Data excerpts
◇ ◇ ◇ ◇

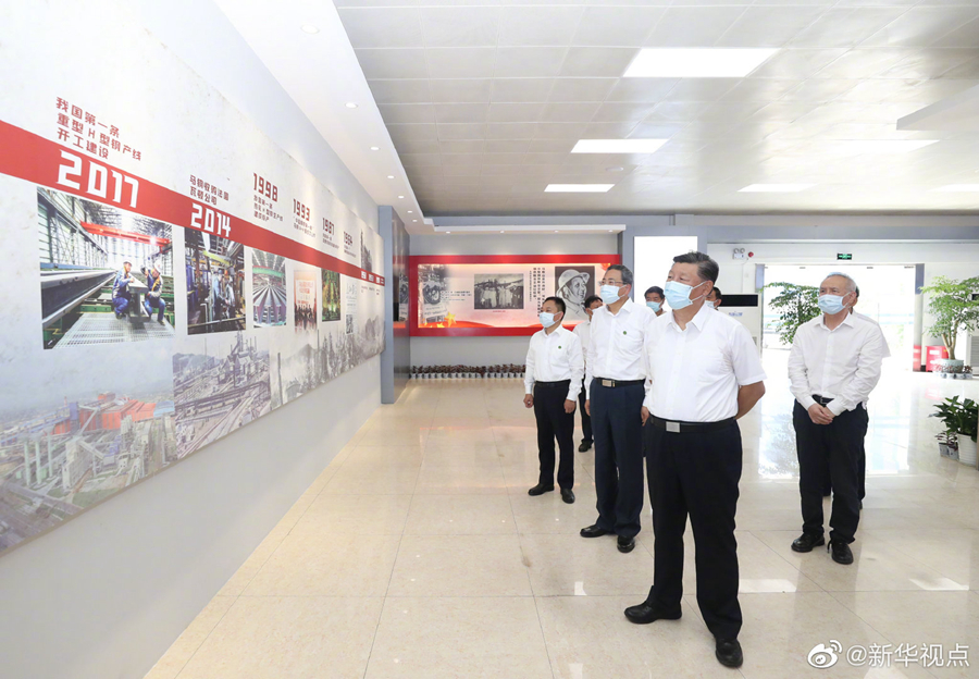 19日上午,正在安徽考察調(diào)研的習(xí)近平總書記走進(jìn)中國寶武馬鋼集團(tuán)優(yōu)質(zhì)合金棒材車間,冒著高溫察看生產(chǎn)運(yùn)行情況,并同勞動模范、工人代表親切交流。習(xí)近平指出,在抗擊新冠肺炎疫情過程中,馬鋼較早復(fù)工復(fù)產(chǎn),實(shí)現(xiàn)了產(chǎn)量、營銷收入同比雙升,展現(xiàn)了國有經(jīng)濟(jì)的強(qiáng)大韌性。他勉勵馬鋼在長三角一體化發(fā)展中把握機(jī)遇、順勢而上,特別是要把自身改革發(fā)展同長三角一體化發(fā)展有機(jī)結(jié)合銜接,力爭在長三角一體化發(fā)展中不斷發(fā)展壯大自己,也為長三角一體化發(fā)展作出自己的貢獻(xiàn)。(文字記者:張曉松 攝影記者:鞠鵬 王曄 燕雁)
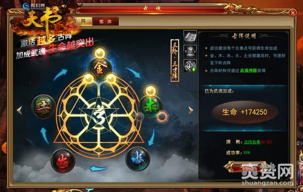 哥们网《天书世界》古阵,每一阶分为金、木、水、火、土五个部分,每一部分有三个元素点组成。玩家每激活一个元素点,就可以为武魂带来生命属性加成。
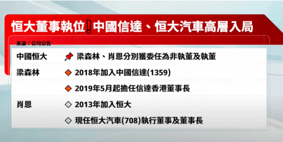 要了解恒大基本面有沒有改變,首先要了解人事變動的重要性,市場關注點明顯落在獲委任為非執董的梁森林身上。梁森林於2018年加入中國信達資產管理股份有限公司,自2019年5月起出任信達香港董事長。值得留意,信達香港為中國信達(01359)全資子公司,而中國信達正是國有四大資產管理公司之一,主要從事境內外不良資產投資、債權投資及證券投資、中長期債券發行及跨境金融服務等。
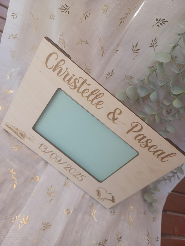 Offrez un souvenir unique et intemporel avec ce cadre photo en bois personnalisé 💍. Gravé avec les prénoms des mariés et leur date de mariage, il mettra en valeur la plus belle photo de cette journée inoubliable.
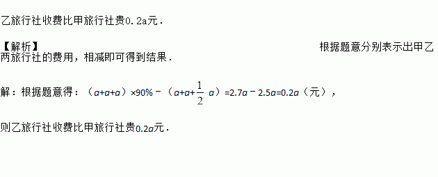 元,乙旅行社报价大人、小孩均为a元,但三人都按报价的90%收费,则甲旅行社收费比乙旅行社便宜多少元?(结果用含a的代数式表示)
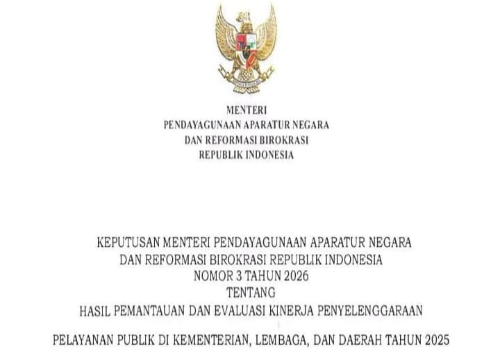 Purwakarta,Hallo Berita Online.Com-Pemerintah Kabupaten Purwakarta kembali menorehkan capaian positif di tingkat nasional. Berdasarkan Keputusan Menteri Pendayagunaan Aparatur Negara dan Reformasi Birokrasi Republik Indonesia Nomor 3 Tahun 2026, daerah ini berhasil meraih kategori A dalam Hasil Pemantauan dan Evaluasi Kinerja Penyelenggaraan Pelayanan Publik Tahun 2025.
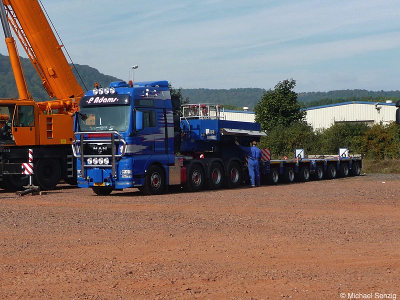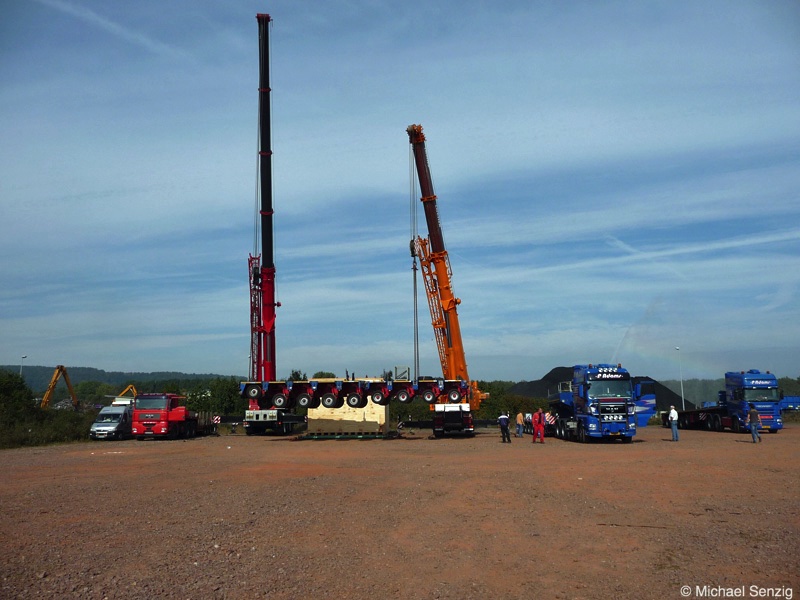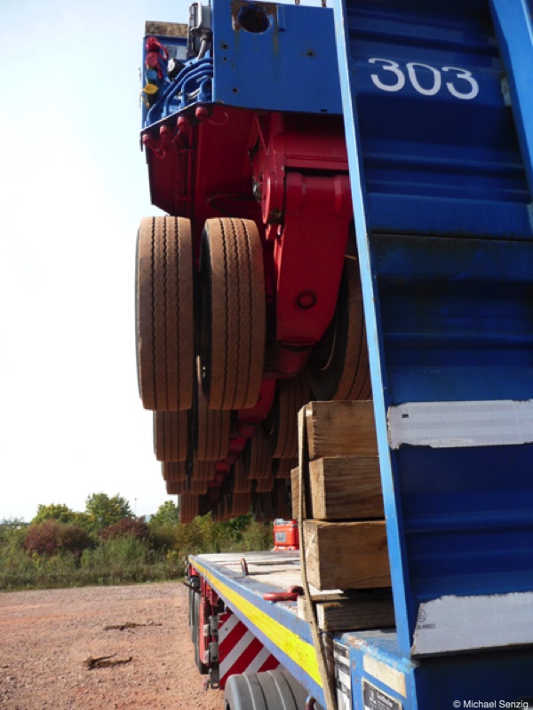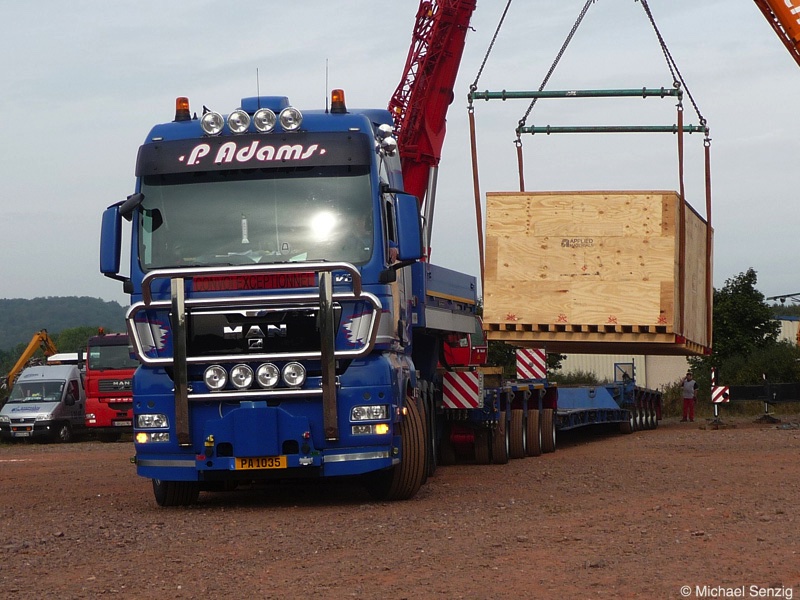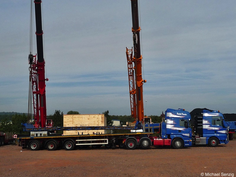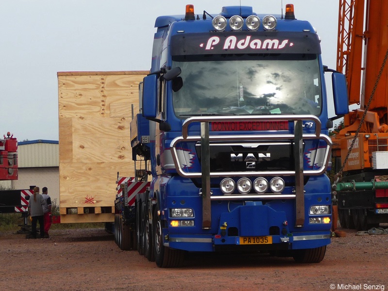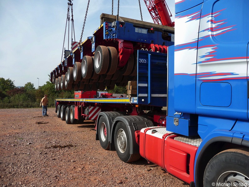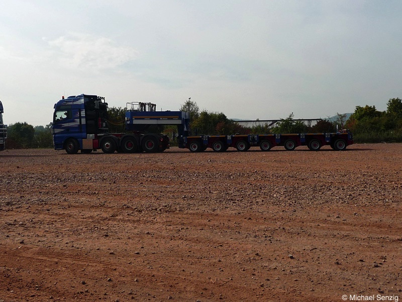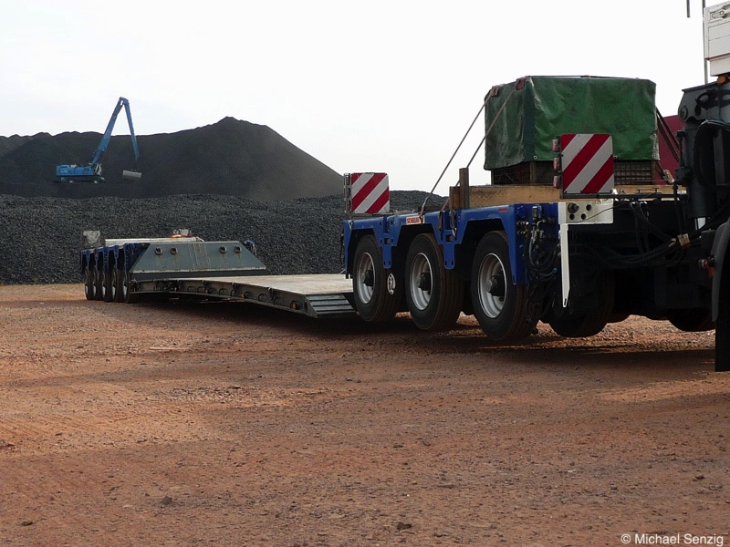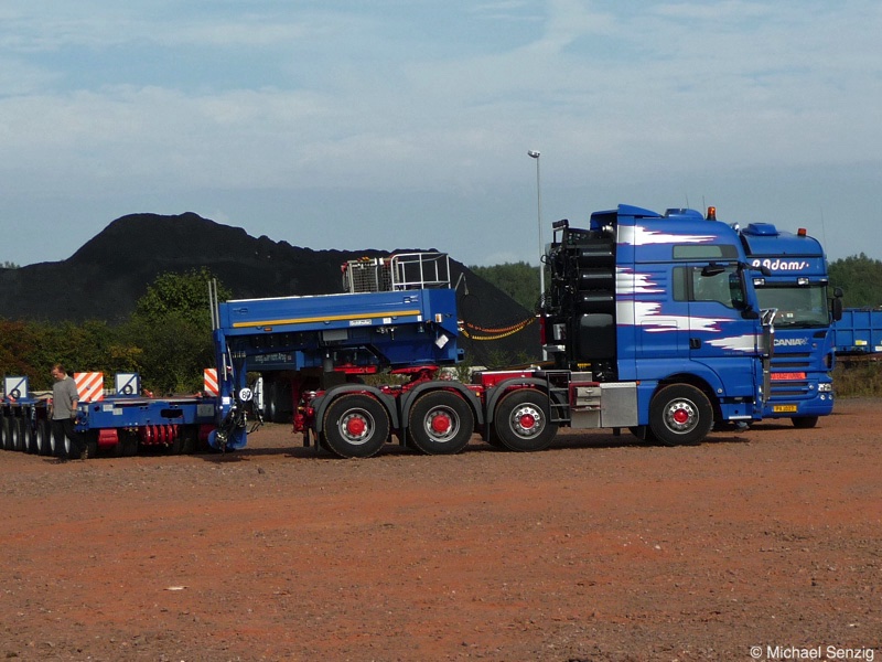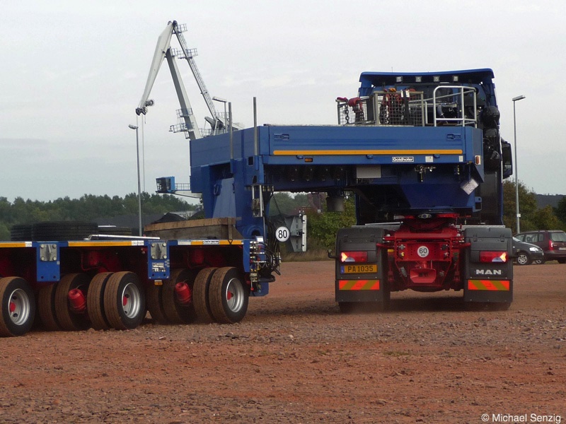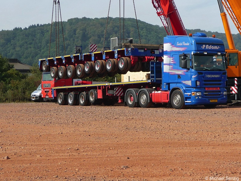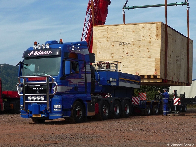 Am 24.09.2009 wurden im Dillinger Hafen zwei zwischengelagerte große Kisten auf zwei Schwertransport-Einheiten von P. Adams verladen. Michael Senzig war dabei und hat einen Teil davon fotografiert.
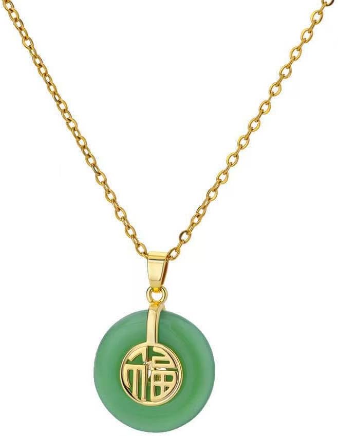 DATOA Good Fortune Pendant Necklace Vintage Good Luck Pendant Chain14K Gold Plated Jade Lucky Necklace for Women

◇ ◇ ◇ ◇

In the reply, each line of the data must appear exactly as written, and no picture may appear.

 19日上午,正在安徽考察調(diào)研的習(xí)近平總書記走進(jìn)中國寶武馬鋼集團(tuán)優(yōu)質(zhì)合金棒材車間,冒著高溫察看生產(chǎn)運(yùn)行情況,并同勞動模范、工人代表親切交流。習(xí)近平指出,在抗擊新冠肺炎疫情過程中,馬鋼較早復(fù)工復(fù)產(chǎn),實(shí)現(xiàn)了產(chǎn)量、營銷收入同比雙升,展現(xiàn)了國有經(jīng)濟(jì)的強(qiáng)大韌性。他勉勵馬鋼在長三角一體化發(fā)展中把握機(jī)遇、順勢而上,特別是要把自身改革發(fā)展同長三角一體化發(fā)展有機(jī)結(jié)合銜接,力爭在長三角一體化發(fā)展中不斷發(fā)展壯大自己,也為長三角一體化發(fā)展作出自己的貢獻(xiàn)。(文字記者:張曉松 攝影記者:鞠鵬 王曄 燕雁)
 哥们网《天书世界》古阵,每一阶分为金、木、水、火、土五个部分,每一部分有三个元素点组成。玩家每激活一个元素点,就可以为武魂带来生命属性加成。
 要了解恒大基本面有沒有改變,首先要了解人事變動的重要性,市場關注點明顯落在獲委任為非執董的梁森林身上。梁森林於2018年加入中國信達資產管理股份有限公司,自2019年5月起出任信達香港董事長。值得留意,信達香港為中國信達(01359)全資子公司,而中國信達正是國有四大資產管理公司之一,主要從事境內外不良資產投資、債權投資及證券投資、中長期債券發行及跨境金融服務等。
 Offrez un souvenir unique et intemporel avec ce cadre photo en bois personnalisé 💍. Gravé avec les prénoms des mariés et leur date de mariage, il mettra en valeur la plus belle photo de cette journée inoubliable.
 元,乙旅行社报价大人、小孩均为a元,但三人都按报价的90%收费,则甲旅行社收费比乙旅行社便宜多少元?(结果用含a的代数式表示)
 Purwakarta,Hallo Berita Online.Com-Pemerintah Kabupaten Purwakarta kembali menorehkan capaian positif di tingkat nasional. Berdasarkan Keputusan Menteri Pendayagunaan Aparatur Negara dan Reformasi Birokrasi Republik Indonesia Nomor 3 Tahun 2026, daerah ini berhasil meraih kategori A dalam Hasil Pemantauan dan Evaluasi Kinerja Penyelenggaraan Pelayanan Publik Tahun 2025.
 Am 24.09.2009 wurden im Dillinger Hafen zwei zwischengelagerte große Kisten auf zwei Schwertransport-Einheiten von P. Adams verladen. Michael Senzig war dabei und hat einen Teil davon fotografiert.
 DATOA Good Fortune Pendant Necklace Vintage Good Luck Pendant Chain14K Gold Plated Jade Lucky Necklace for Women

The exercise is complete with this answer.